### Exercise directions
Drop all images and give the records again exactly.

### Task inputs

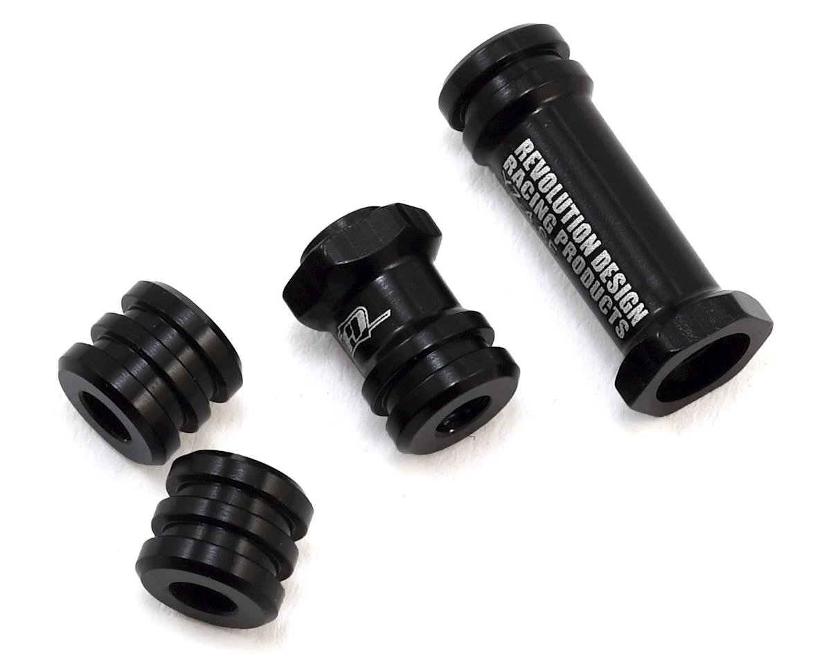 The RDRP YZ-4 SF Aluminium Battery Post Set for Yokomo’s latest 1/10th 4WD buggy is machined from aircraft-grade 7075-T6 aluminum and it sports the RDRP signature cooling fin look. The black anodized and laser-etched front and rear posts are a direct replacement for the standard parts, they work with the kit’s battery mounting hardware or aftermarket parts and they are of a 2-piece design to allow for easy height adjustment for standard or low center of gravity packs.
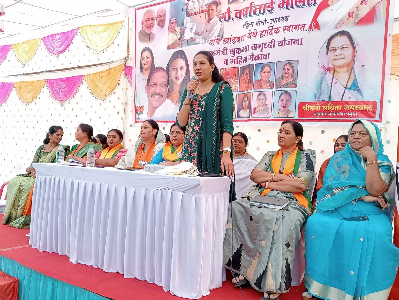 याप्रसंगी प्रमुख भाषणात मार्गदर्शन करताना जिल्हा परिषद अध्यक्ष डॉक्टर सुप्रिया गावित यांनी पंतप्रधान सुकन्या समृद्धी योजनेचे महत्त्व सांगितले. दहा वर्षाच्या आतील सर्व लहान मुलींच्या नावे पोस्ट ऑफिस अथवा बँकेत हे खाते उघडायचे आणि दरमहा हजार रुपये भरायचे पाच वर्षानंतर त्यात जमा असलेल्या रकमेवर जवळपास सव्वातीन लाख रुपये व्याज सरकारकडून मिळते. म्हणजेच पाच वर्षानंतर पाच लाखाहून अधिक रक्कम त्या मुलीला मिळते पुढे त्या रकमेतून अशाच प्रकारची बचत करत गेल्यास मुलींचा शैक्षणिक खर्च भागवणे गरीब कुटुंबांना शक्य होईल मोदी सरकारने प्रत्येक गरीब कुटुंबासाठी आणि महिलांसाठी अशा अनेक योजना सुरू केल्या आहेत त्याचा लाभ आपण घ्यावा असे आवाहन डॉक्टर सुप्रिया गावित यांनी याप्रसंगी केले. महिला मोर्चा उपाध्यक्ष जयश्री अहिरराव आणि अन्य वक्त्यांनी नंदुरबार लोकसभा मतदारसंघ प्रमुख सविता जयस्वाल यांच्या कार्याचे कौतुक केले तसेच मोदी सरकार महिलांसाठी राबवत असलेल्या योजनांची माहिती देऊन मार्गदर्शन केले. मेळाव्याला खांडबारा परिसरातील महिला मोठ्या संख्येने उपस्थित राहिल्या आणि त्यांनी विविध योजनांचे महत्त्व समजून घेतले. कार्यक्रमाचे सूत्रसंचालन राजेश वाघ यांनी केले.
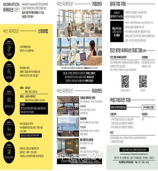 한편, '부산형 워케이션 사업'은 거점센터와 위성센터를 조성·운영해 원격근무를 위한 업무공간은 물론, 숙박과 관광 콘텐츠 제공으로 부산 생활인구 증가를 통한 지역경제 활성화와 장기적으로는 역외기업 유치까지 목표로 한다.
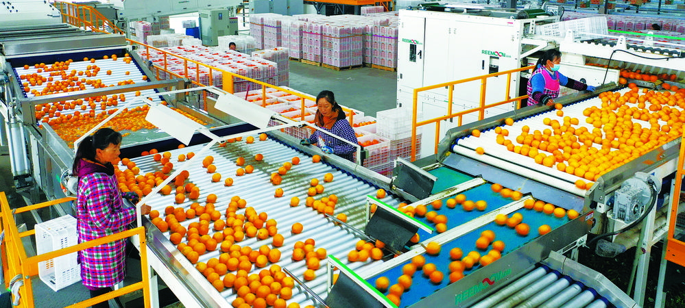 12月16日,四川省眉山市青神县冷链物流产业园区内,员工在柑橘自动化专业生产分拣车间的清洗线上忙碌。近年来,青神县通过建冷链物流产业园区和加工生产线,确保全县18万亩晚熟柑橘增产增收。姚永亮摄(中经视觉)
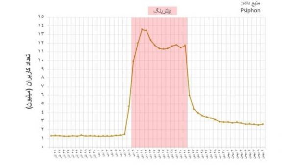 میزان تولید محتوا و بازدید در کانالهای عمومی تلگرام از آذر ۱۳۹۶ تا اردیبهشت ۱۳۹۷ دیروز هم بازدید از کانالهای عمومی تلگرام حدود ۱.۱ میلیون بار بوده که نسبت به روز قبل از فیلترینگ، حدود ۴۰ درصد کمتر شده است.با وجود تصور غالب در مورد پیچیده بودن نصب و استفاده از ویپیان برای بسیاری از کاربران تلگرام، تحلیل دادههای کاربران در ایران نشان میدهد که بسیاری از مشترکان جدید سایفون، جزو کاربران به اصطلاح غیرحرفهای اینترنت به حساب میآیند.

### Solved problem
 The RDRP YZ-4 SF Aluminium Battery Post Set for Yokomo’s latest 1/10th 4WD buggy is machined from aircraft-grade 7075-T6 aluminum and it sports the RDRP signature cooling fin look. The black anodized and laser-etched front and rear posts are a direct replacement for the standard parts, they work with the kit’s battery mounting hardware or aftermarket parts and they are of a 2-piece design to allow for easy height adjustment for standard or low center of gravity packs.
 याप्रसंगी प्रमुख भाषणात मार्गदर्शन करताना जिल्हा परिषद अध्यक्ष डॉक्टर सुप्रिया गावित यांनी पंतप्रधान सुकन्या समृद्धी योजनेचे महत्त्व सांगितले. दहा वर्षाच्या आतील सर्व लहान मुलींच्या नावे पोस्ट ऑफिस अथवा बँकेत हे खाते उघडायचे आणि दरमहा हजार रुपये भरायचे पाच वर्षानंतर त्यात जमा असलेल्या रकमेवर जवळपास सव्वातीन लाख रुपये व्याज सरकारकडून मिळते. म्हणजेच पाच वर्षानंतर पाच लाखाहून अधिक रक्कम त्या मुलीला मिळते पुढे त्या रकमेतून अशाच प्रकारची बचत करत गेल्यास मुलींचा शैक्षणिक खर्च भागवणे गरीब कुटुंबांना शक्य होईल मोदी सरकारने प्रत्येक गरीब कुटुंबासाठी आणि महिलांसाठी अशा अनेक योजना सुरू केल्या आहेत त्याचा लाभ आपण घ्यावा असे आवाहन डॉक्टर सुप्रिया गावित यांनी याप्रसंगी केले. महिला मोर्चा उपाध्यक्ष जयश्री अहिरराव आणि अन्य वक्त्यांनी नंदुरबार लोकसभा मतदारसंघ प्रमुख सविता जयस्वाल यांच्या कार्याचे कौतुक केले तसेच मोदी सरकार महिलांसाठी राबवत असलेल्या योजनांची माहिती देऊन मार्गदर्शन केले. मेळाव्याला खांडबारा परिसरातील महिला मोठ्या संख्येने उपस्थित राहिल्या आणि त्यांनी विविध योजनांचे महत्त्व समजून घेतले. कार्यक्रमाचे सूत्रसंचालन राजेश वाघ यांनी केले.
 한편, '부산형 워케이션 사업'은 거점센터와 위성센터를 조성·운영해 원격근무를 위한 업무공간은 물론, 숙박과 관광 콘텐츠 제공으로 부산 생활인구 증가를 통한 지역경제 활성화와 장기적으로는 역외기업 유치까지 목표로 한다.
 12月16日,四川省眉山市青神县冷链物流产业园区内,员工在柑橘自动化专业生产分拣车间的清洗线上忙碌。近年来,青神县通过建冷链物流产业园区和加工生产线,确保全县18万亩晚熟柑橘增产增收。姚永亮摄(中经视觉)
 میزان تولید محتوا و بازدید در کانالهای عمومی تلگرام از آذر ۱۳۹۶ تا اردیبهشت ۱۳۹۷ دیروز هم بازدید از کانالهای عمومی تلگرام حدود ۱.۱ میلیون بار بوده که نسبت به روز قبل از فیلترینگ، حدود ۴۰ درصد کمتر شده است.با وجود تصور غالب در مورد پیچیده بودن نصب و استفاده از ویپیان برای بسیاری از کاربران تلگرام، تحلیل دادههای کاربران در ایران نشان میدهد که بسیاری از مشترکان جدید سایفون، جزو کاربران به اصطلاح غیرحرفهای اینترنت به حساب میآیند.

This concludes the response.